● **Action item**: Send back the data below exactly. Drop every picture.

● **Input**:

▽

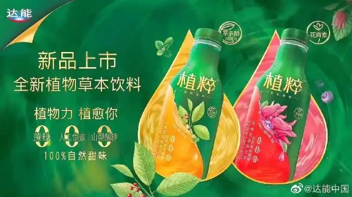 就在前不久,達(dá)能官宣推出了一款名為“植粹”的即飲茶產(chǎn)品,共有洛神花茶味和馬黛茶調(diào)味兩種風(fēng)味。其中,洛神花茶味飲料添加了洛神花、藍(lán)莓、歐洲接骨木莓,沒有加入任何蔗糖、山梨酸鉀和人工色素,主打純粹植物力量,具有天然花香和茶香。
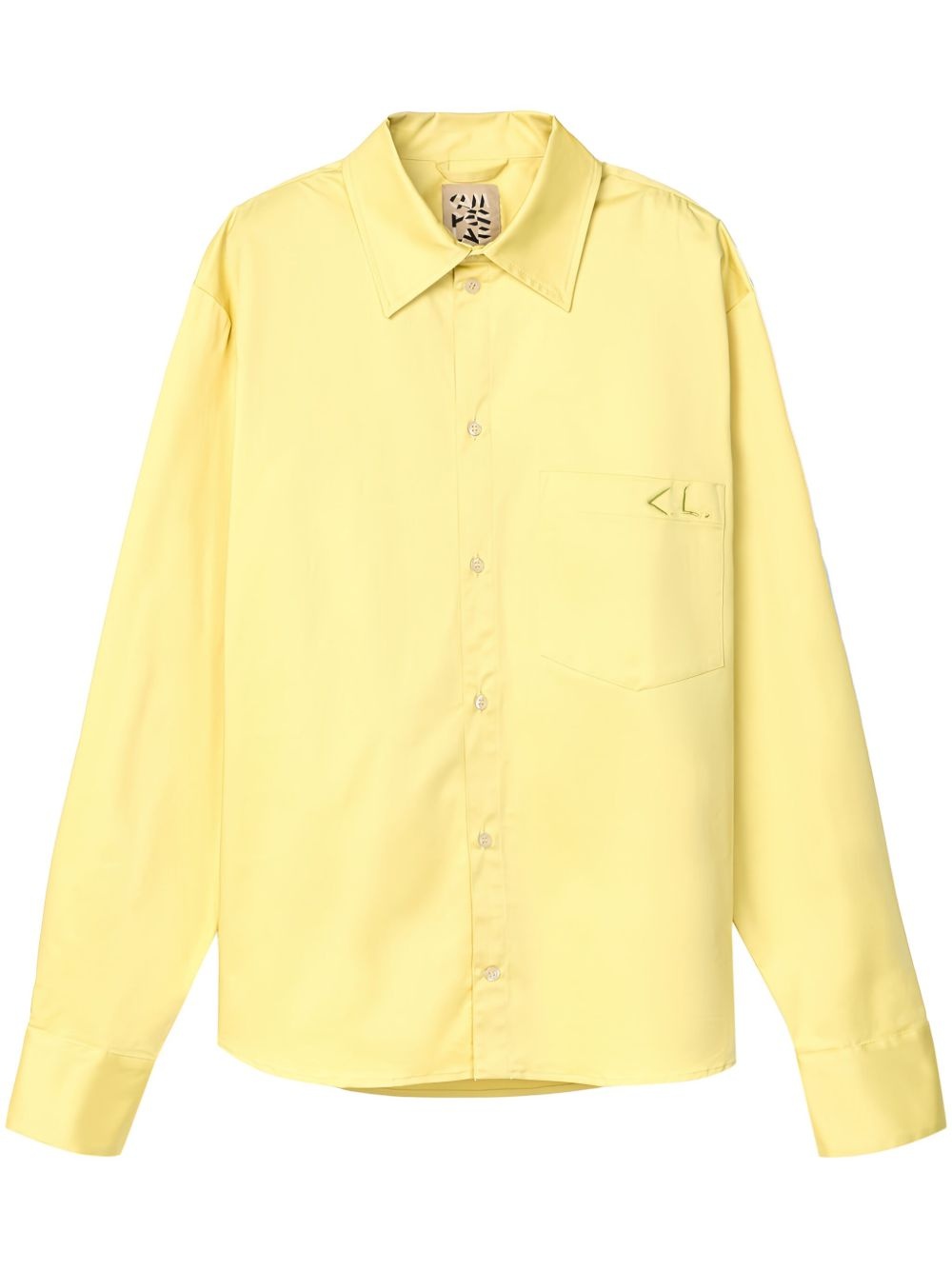 logo-print shirt Highlights - Pastel yellow - Front button fastening - Chest patch pocket - Buttoned cuffs - When buying this unisex item, keep in mind that it is graded in standard men's sizing. Imported Composition Cotton 94%, Recycled Elastane 6% Washing instructions Read Manufacturer Guidelines
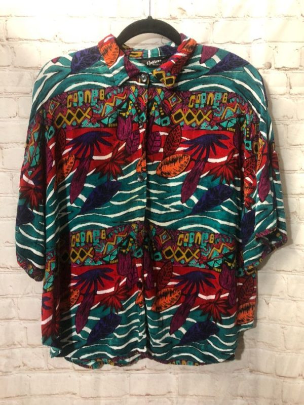 Top, rayon, cropped, short sleeves, button-up, tropical print with palms/leaves/ocean waves in vertical pattern, pink/teal/purple/black/red, size M
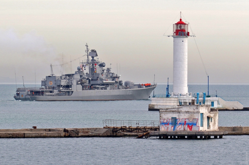 Флагман украинских Военно-морских сил фрегат «Гетман Сагайдачный» покинул главную базу флота в Одессе и отправился в открытое море на учения. Там он проведет совместные с американским эсминцем маневры.
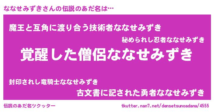 | 男性向けラノベタイトル風あだ名 | 『ななせみずきに滅ぼされるだけの簡単なお仕事です』 |
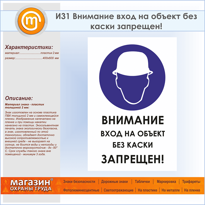 Знак «Внимание вход на объект без каски запрещен!», И31 (пластик, 400х600 мм) в Кызыле купить
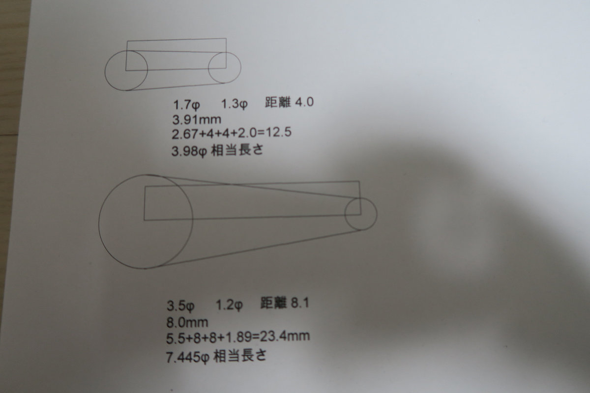 直径は適当な図を書いて見当をつけていました。だいたいφ75mmとφ40mmだったので適当なものがあると勝手に予想していました。見事ぴったり該当するものがありベルトを交換して修理完了。
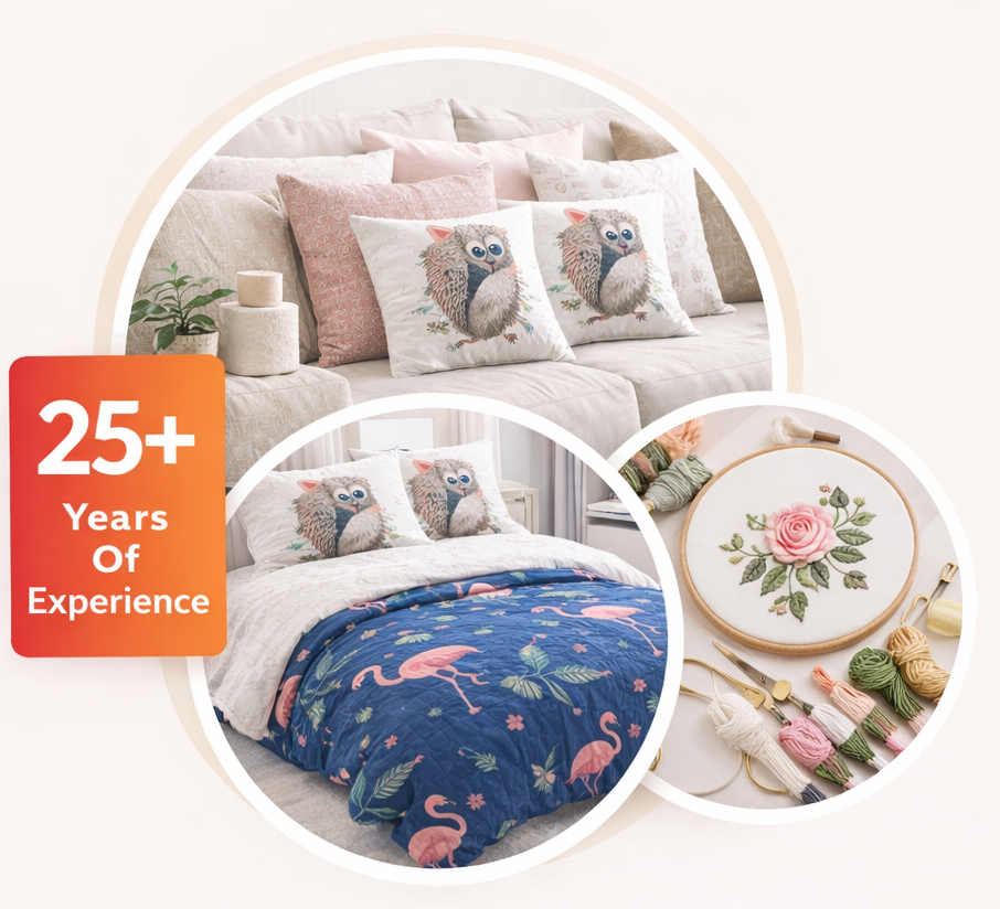 Our mission is to design and manufacture premium embroidered home furnishing products that meet international quality standards, support artisan livelihoods, and deliver value to our customers through customization, ethical production, and timely delivery.

△

● **Task output**:
 就在前不久,達(dá)能官宣推出了一款名為“植粹”的即飲茶產(chǎn)品,共有洛神花茶味和馬黛茶調(diào)味兩種風(fēng)味。其中,洛神花茶味飲料添加了洛神花、藍(lán)莓、歐洲接骨木莓,沒有加入任何蔗糖、山梨酸鉀和人工色素,主打純粹植物力量,具有天然花香和茶香。
 logo-print shirt Highlights - Pastel yellow - Front button fastening - Chest patch pocket - Buttoned cuffs - When buying this unisex item, keep in mind that it is graded in standard men's sizing. Imported Composition Cotton 94%, Recycled Elastane 6% Washing instructions Read Manufacturer Guidelines
 Top, rayon, cropped, short sleeves, button-up, tropical print with palms/leaves/ocean waves in vertical pattern, pink/teal/purple/black/red, size M
 Флагман украинских Военно-морских сил фрегат «Гетман Сагайдачный» покинул главную базу флота в Одессе и отправился в открытое море на учения. Там он проведет совместные с американским эсминцем маневры.
 | 男性向けラノベタイトル風あだ名 | 『ななせみずきに滅ぼされるだけの簡単なお仕事です』 |
 Знак «Внимание вход на объект без каски запрещен!», И31 (пластик, 400х600 мм) в Кызыле купить
 直径は適当な図を書いて見当をつけていました。だいたいφ75mmとφ40mmだったので適当なものがあると勝手に予想していました。見事ぴったり該当するものがありベルトを交換して修理完了。
 Our mission is to design and manufacture premium embroidered home furnishing products that meet international quality standards, support artisan livelihoods, and deliver value to our customers through customization, ethical production, and timely delivery.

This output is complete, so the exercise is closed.